In cases like this, I invariably pull some data in to prioritize URLs. Namely, inbound link and direct/referral traffic data.
If a page is not linked to from any external subdomains and gets little or no direct or referral traffic, it's usually best to simply let it return a 404 once you've updated the site - Google will hit the 404 and de-index the page in due time, while the new page will (provided the new site has sound architecture and some authority to justify a deep crawl budget) get picked up.
The only justifiable reason to do a 1-to-1 301 redirect across the board for this many URLs, in my opinion, is if there is enough link equity / traffic to justify the work. Otherwise, Google knows how to handle 404s and they'll crawl/index the new property URLs in due time.
Best,
Mike -
Hey Alan,
Thanks loads for the advice there. Makes a lot of sense.

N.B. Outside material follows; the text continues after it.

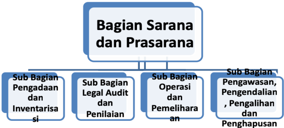
Gambar 3.2 Organisasi Pelaksana Pengelola Sarana Prasarana

Berdasarkan alur proses dalam manajemen pengelolaan sarana prasarana, maka secara umum organisasi pelaksana sarana prasarana dapat dikategorikan menjadi dua bagian penting. Kategori atau bagian yang pertama adalah bagian pengadaan, audit, dan penilaian. Kemudian bagian yang kedua adalah bagian operasi, pemeliharaan, pengendalian, pemeliharaan dan penghapusan. Kedua kategori atau bagian tersebut, dapat digunakan sebagai dasar dalam menyusun organisasi pelaksana dalam manajemen sarana prasarana pendidikan yang ada. Adapun struktur atau organisasi pelaksana pengelola sarana prasarana pendidikan adalah seperti pada gambar berikut.

Problem I have is we do not have any kind of access to the old site. Nor the client having a good relationship with the agency who made the previous site.
I have run multiple crawls of the old site with Screaming Frog and Moz and I just cant get all the properties spidered. Out of the total amount of properties I have about one third of them, which of course can be redirected.
We made a final change to the url structure so the property address is added. The urls now look like the following -
OLD - domainname.com/property/view?property=14863
NEW - domainname.com/property/street-name-postcode/propertyid
The main problem we have and why I think it is not possible using mod rewrite, is the property ids are different on both sites. There is really nothing in common between the two URLs at all aside from /property/ and page title.
Any further advice would be very much appreciated Alan as its clear you have done jobs like this before.
Thanks,
Mark
-
If you have unix and shell access it should be a snap.
but as you're asking this question, you probably don't even know what "grep" is
Get a list of title and URLs from each site
mix them together
sort by title
this will tell you if there are duplicates or if you missed any
if the domain names are different search and replace them so they are the same
Manipulate the list so it is in redirect format
12,000 is not a lot. I worked on sites with several million.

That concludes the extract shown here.